Reprenons le un moment.
Nous avons vu combien cet exil à Babylone s’est avéré fécond.
Avant cet exil et la destruction du Temple de Jérusalem – dans
le judaïsme que l’on appelle du « premier temple » pour le
différencier du nouveau judaïsme dit du « second Temple » qui
s’ouvre avec le retour d’exil et la reconstruction du Temple à
Jérusalem – les pratiques religieuses
ne différaient pas
fondamentalement des autres pratiques religieuses des peuples
environnants, pratiques essentiellement collectives centrées
sur des sacrifices, des holocaustes pratiqués dans un
sanctuaire pour s’attacher les faveurs d’un dieu rattaché à un
lieu donné. Certes dans la Torah (le Pentateuque) puis chez
les prophètes, nous avons vu apparaître les éléments qui
feront du judaïsme une religion originale qui va se démarquer
des autres religions en particulier par son rapport à
l’histoire, sa visée universalisante et son corollaire, sa
libération d’un cadre géographique fermé, mais il faut bien
comprendre que la prise de conscience de ces éléments
fondateurs du monothéisme, de cette histoire qui remonte à
plusieurs siècles avant l’exil, s’est faite essentiellement à
la suite de cet exil.
Une élite déportée de Jérusalem,
confrontée à la riche
culture perse
va approfondir le sens de son histoire et
produire un considérable travail de consignation par l’écrit
de ses traditions. Avec la disparition du royaume d’Israël ,
de son Roi et de son temple s’est opéré
une prise de
conscience de la responsabilité individuelle, de la nécessité
pour chaque individu d’entretenir une relation personnelle
avec Yhwh par la médiation de la Torah et des prophètes. Nous
savons combien ce travail d’intériorisation s’est avéré
douloureux, seul un « petit reste » s’est engagé dans cette
voie pour donner naissance au « judaïsme ». (Lire Dn Grec
3,24 ). Ce nouveau judaïsme, qui va du V ème av. J.C. à la
destruction
du
second
temple
(70
après.
J.C.)
va
se
caractériser aussi
par un effort intellectuel à l’échelle
d’un peuple, sans précédent dans l’histoire de l’humanité. Ce
peuple dispersé en trois pôles principaux très hétérogènes à
Jérusalem, Babylone et Alexandrie va traverser des crises
identitaires considérables dès le retour à Jérusalem d’une
petite partie des enfants ou petits-enfants d’exilés de
Babylone. Les Livres d’Esdras et Néhémie ainsi que les
derniers prophètes Aggée et Zacharie se font l’écho des défis
qui sont lancés à ce petit peuple pour subsister et conserver
une identité propre avec cette responsabilité inouïe : porter
la Révélation Divine, l’étudier, la comprendre et la
transmettre. Nous avons vu qu’en exil à Babylone, ce peuple
sans lieu de culte et sans instance politique propre avait
créé pour chaque petite communauté des lieux de partages dans
la prière et l’étude, la synagogue. Le cœur de ces lieux est
la Torah, la « Loi » écrite consignée par les scribes. Ces
lieux, sont animés par des spécialistes, des maîtres à penser
et à enseigner que l’on appellera plus tard les Rabbins. Ces
Rabbins ne sont pas des prêtres, même si les prêtres qui
restent l’instance religieuse dirigeante peuvent être rabbins.

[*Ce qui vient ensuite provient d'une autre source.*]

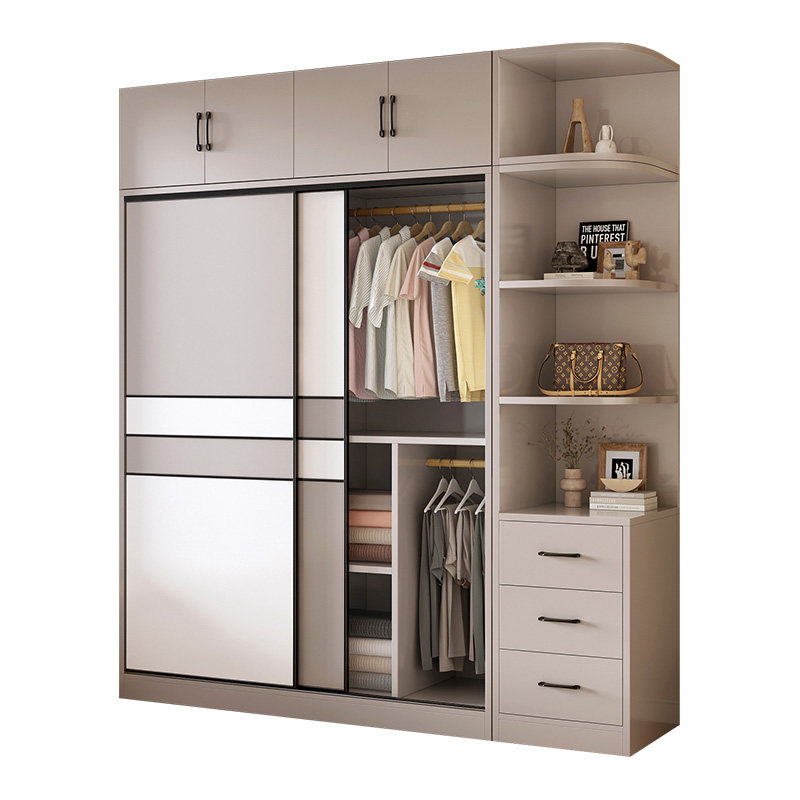 衣柜家用卧室小户型简易柜子推拉门出租房用储物实木生态板大衣橱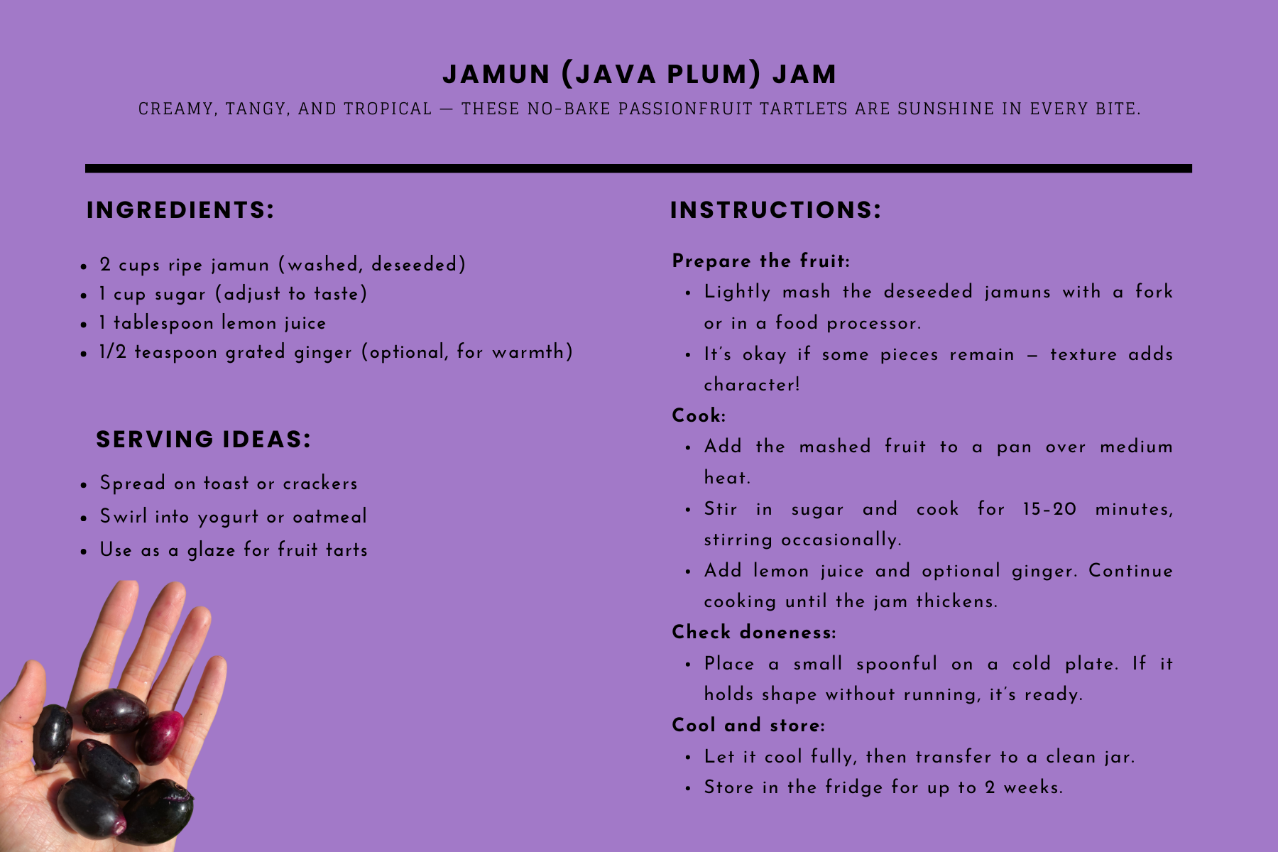 Jamun, also known as Java plum, is native to India, Myanmar, Sri Lanka, and the Andaman Islands. Our Jamun grows here in South Florida!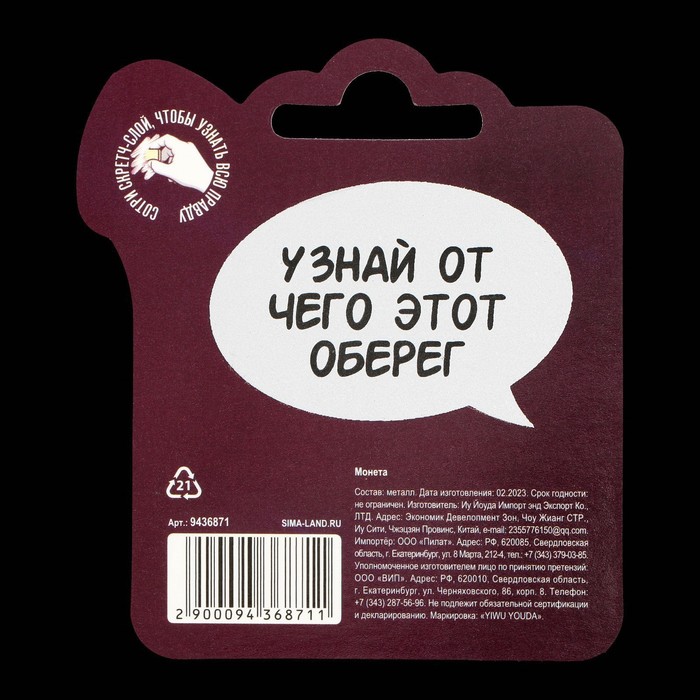 Размер изделия схож с монетой номиналом в 5 рублей, а потому вы всегда сможете носить её с собой. Она станет прекрасным подарком для друзей и близких, подчеркнув вашу заботу и хорошее чувство юмора!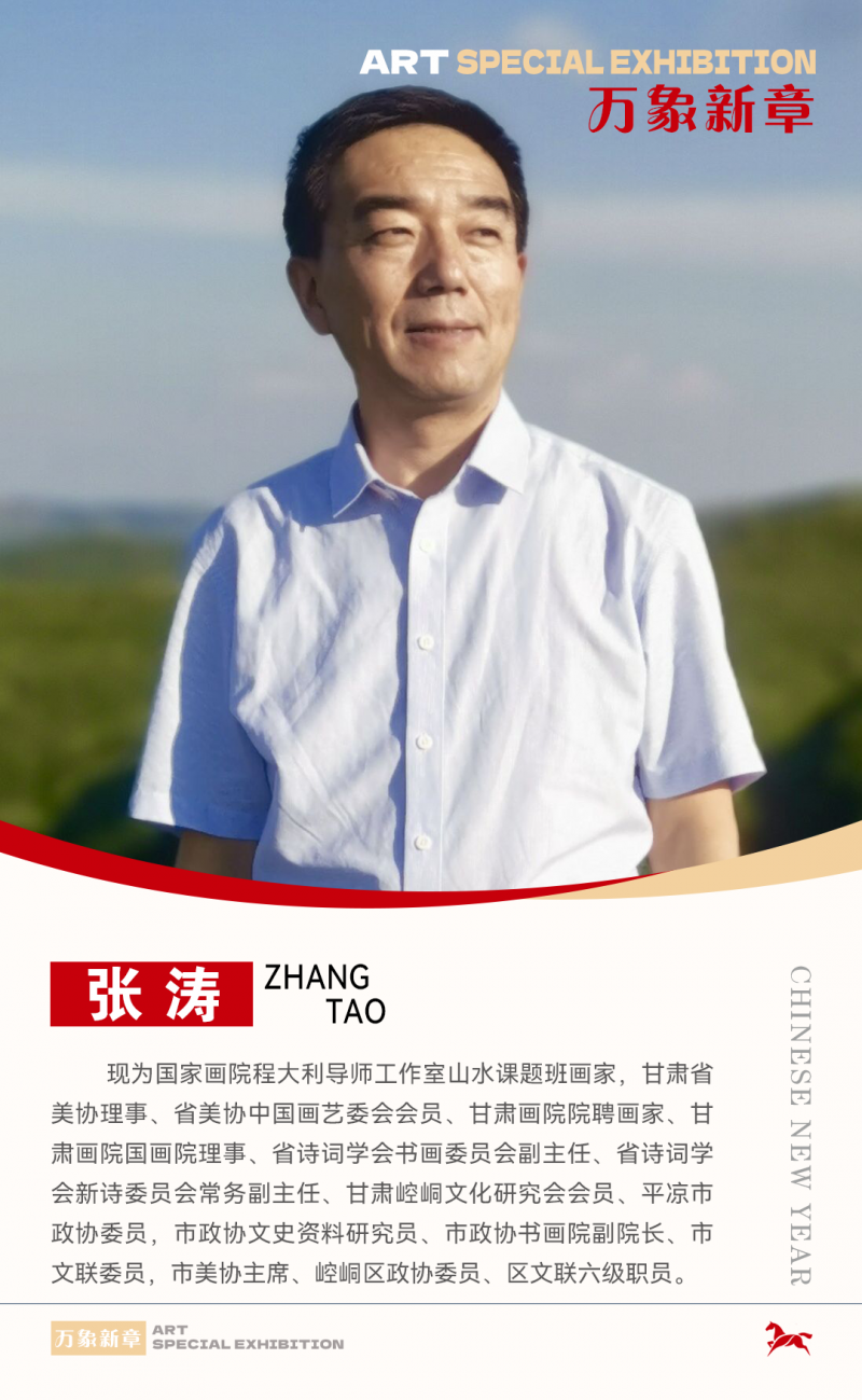 张涛,笔名雪樵,男,汉族,出生于1968年12月,籍贯甘肃崆峒,中共党员,大学本科学历。现为国家画院程大利导师工作室山水课题班画家,甘肃省美协理事、省美协中国画艺委会会员、甘肃画院院聘画家、甘肃画院国画院理事、省诗词学会书画委员会副主任、省诗词学会新诗委员会常务副主任、甘肃崆峒文化研究会会员、平凉市政协委员,市政协文史资料研究员、市政协书画院副院长、市文联委员,市美协主席、崆峒区政协委员、区文联六级职员。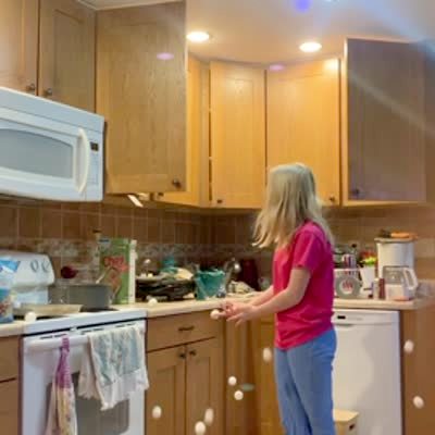 A young girl opens a kitchen cabinet and ping pong balls fall out. She laughs and her family laughs.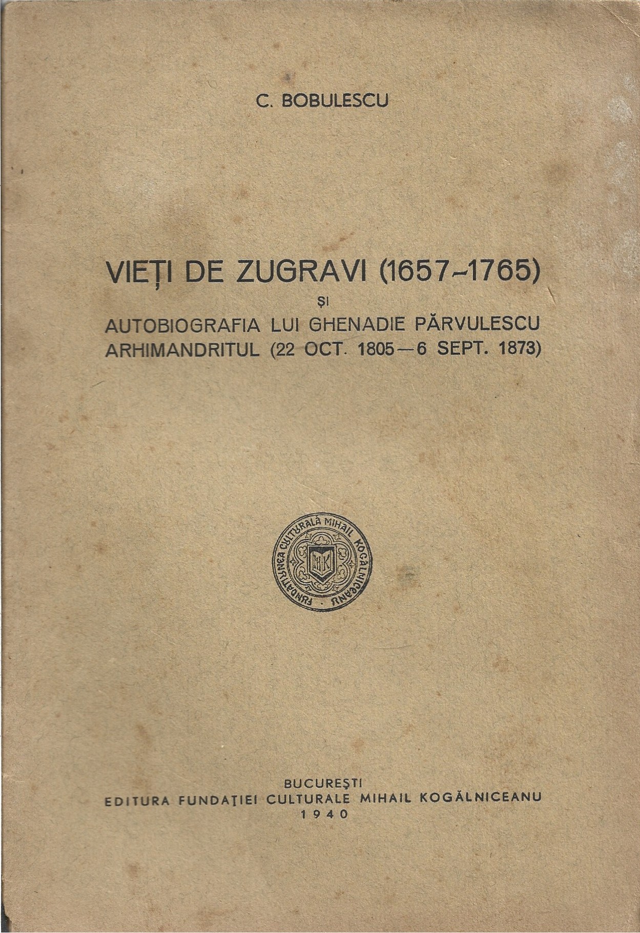 Vieți de zugravi (1657-1765) și autobiografia lui Ghenadie Părvulescu Arhimandritul (22 oct 1805 – 6 sept 1873) de Constantin Bobulescu, 1940.

Ils vont non seulement s’efforcer de transmettre et faire
connaître le contenu de la Torah et des prophètes mais ils
vont assortir cette Loi écrite de commentaires et
d’instructions (dans le mot Torah que l’on traduit
généralement par « Loi » il y a l’idée d’enseignement). Cette
Loi n’apparait pas pour ces rabbins comme un dogme figé à
prendre à l’état brut, mais un texte qui doit être lu,
interrogé et interprété (Midrash) selon des règles définies
mais aussi en fonction de la situation présente. Elle est
conduite de vie. On peut situer à cette époque les prémices de
cette science de l’interprétation des textes (herméneutique)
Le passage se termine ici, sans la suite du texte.